MLB: I got one. There’s a place not too far from my house in California called the Snake. It’s part of Mulholland Highway just north of northern Malibu, it’s really twisty and you get all the ‘lurkers’ out there-
CH: Lurker means something quite different over here…
MLB: We probably get a few of them too! No, I would probably take my GT2 RS and go fang up that road.
RR: It’s a tough one. I would probably have to pick the car that is the best all-rounder ever, a Range Rover. I’d probably have the SVAutobiography, with a big, 5.0-litre supercharged V8 in it. And I’d just go anywhere. Anywhere I damn well want because that’s where the car goes, up mountains-
MLB: You’d go down the high street and you know it!
Here’s what Matt had to say about series 25’s highlights…
MLB: We did a film in Northern California that was really fun, we drove some pretty radical off-road machines. Sri Lanka was great, not very fast but still pretty fun. Utah, the V8s, was amazing, that was pretty special. Spain was great. Guildford was great!
To be quite honest, we probably had the most laughs in Guildford. That’s where our home track is, that’s where everybody’s most comfortable to push the limits. There’s no walls to hit… we had the most fun there.
…and here’s Matt and Chris on being able to properly drive a car…
CH: This show is about driving cars. If you can’t drive the cars properly, I’m not sure you can actually do your job. I’ve always felt that if you found out that Jamie Oliver couldn’t boil an egg, you wouldn’t believe his cookery show.
MLB: When I first joined the show, I thought ‘yeah I can drive good enough’, and pretend I’m a fast driver on TV. You know, the camera adds a few skill points, just as it adds a few pounds!
You get in the car, and what you don’t realise is you’ve got to deliver all this information… at a 100mph+ going down a racetrack. So I went out and did some laps, came in and said ‘how was that?’, and they said ‘you didn’t say anything. You didn’t say one word.’
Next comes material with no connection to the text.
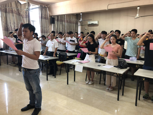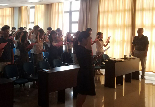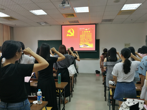 7月4日下午,海外教育学院举行新党员入党宣誓仪式,学院党委书记徐德辉、副书记卢其乐、相关老师以及全体学生党员出席了仪式。

What was it like for Chris and Rory to work with Joey from Friends?
CH: I spent the majority of the early Nineties semi-inebriated lying on the sofa watching him, so then to suddenly find yourself working alongside side, sharing jokes with him, being the butt of his practical jokes, and all the other stuff, is brilliant.
I drove through Hazelmere town centre in a bright orange tractor, and there are people thinking ‘is that Joey from Friends?’
As we were leaving them behind, it would dawn on them who it was, and they’d shout really badly ‘how you doin’ at the tractor. The whole thing is totally surreal.
RR: I would say he’s not as Hollywood as you think. In the first series I was reviewing the Ford Focus RS, and Matt texted me, saying ‘you really liked that car didn’t you?’. I said ‘yeah’.
So he asks ‘should I buy it?’ and I said ‘yeah’. And then he went out and bought one. And then I realised I just told Joey from Friends to buy a Ford Focus. A little blue hatchback, on my recommendation. And then you start to think ‘what if it’s s***?’ Thankfully he loved it.